Open Sayi opened this issue 7 years ago • 0 comments

List是一个有序的序列结构，基于 位置访问 ，List接口在Collection接口上新增加了一些方法，允许在指定位置插入和删除元素，也允许对元素的搜索(indexOf)。List是如何实现Iterator迭代器，ArrayList 和 LinkedList的性能差异为何会表现在不同方面，本文将对ArrayList进行详细分析。

List接口

我们先来看看List接口，提供了基于位置访问的一些方法。

方法	作用
E get(int index)	从某个位置获取元素
E set(int index, E element)	某个位置设置元素
void add(int index, E element)	某个位置增加元素
E remove(int index)	移除某个位置的元素
int indexOf(Object o)	搜索某个元素首次出现的位置
int lastIndexOf(Object o)	搜索某个元素最后出现的位置

ArrayList实现原理

ArrayList是基于可变数组实现的，内部维护了一个Object[] elementData数组，同时提供了操纵数组容量的方法，List的大小是由size变量决定的，容量是由数组的大小决定的，容量Capacity不满足size大小时，ArrayList就会自动通过合适的扩容策略进行扩容。

初始容量

ArrayList遵循上一节转换构造器的原则：提供了一个无参构造方法和Collection为参数的构造方法。

同时，还提供了一个int类型的参数来定义内部数组的容量public ArrayList(int initialCapacity)，这个参数的初始容量默认是定义的一个常量：

/**
 * Default initial capacity.
 */
private static final int DEFAULT_CAPACITY = 10;

两个问题：1.ArrayList什么时候会去增长容量？

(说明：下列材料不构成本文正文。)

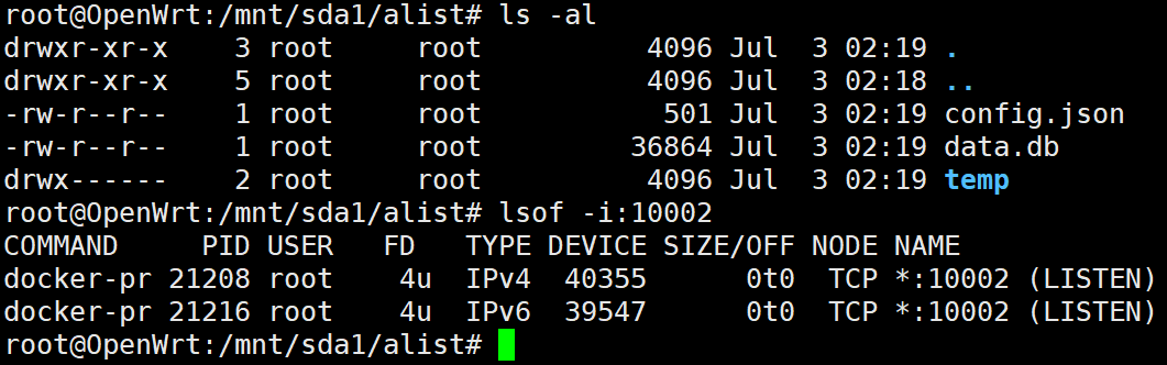 docker run -d --restart=always -v /mnt/sda1/alist:/opt/alist/data -p 10002:5244 --name="alist" xhofe/alist:latest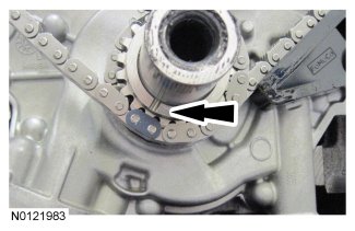 - Align the colored link on the timing chain with the timing mark on the LH VCT assembly.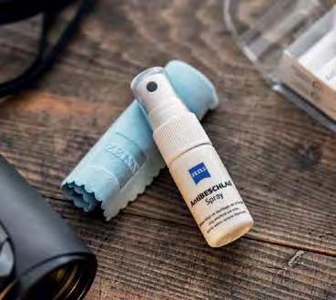 ZEISS AntiFOG spray is applied gently and quickly to the lens of your binoculars or spotting scopes. The result: the lens remains fog free for up to 72 hours – without interfering with its optical quality. In order to ensure that ZEISS AntiFOG achieves the best results, the lens should first be cleaned with the included ZEISS lens cleaning wipe. This makes it easy to maintain a crystal clear view, even in extremely humid conditions.

2.它的容量增长策略是怎么实现的呢？

需要扩容的场景肯定是因为容量无法满足元素的个数了，所以在增加元素add的时候，或者增加集合元素addAll，或者以另一个集合初始化ArrayList的时候，都会去判断是否增加容量，本章以及接下来的所有章节增长容量策略的分析都将依据 增加元素 源码进行分析。

增加元素和增长容量策略分析

直接看源码，数组的复制使用了高效的System.arraycopy方法，参数可以是不同数组，也可以作用于同一个数组。

public boolean add(E e) {
    ensureCapacityInternal(size + 1);  // Increments modCount!!

    elementData[size++] = e;
    return true;
}

public void add(int index, E element) {
    rangeCheckForAdd(index); // 检查下标是否越界
    ensureCapacityInternal(size + 1);  // Increments modCount!!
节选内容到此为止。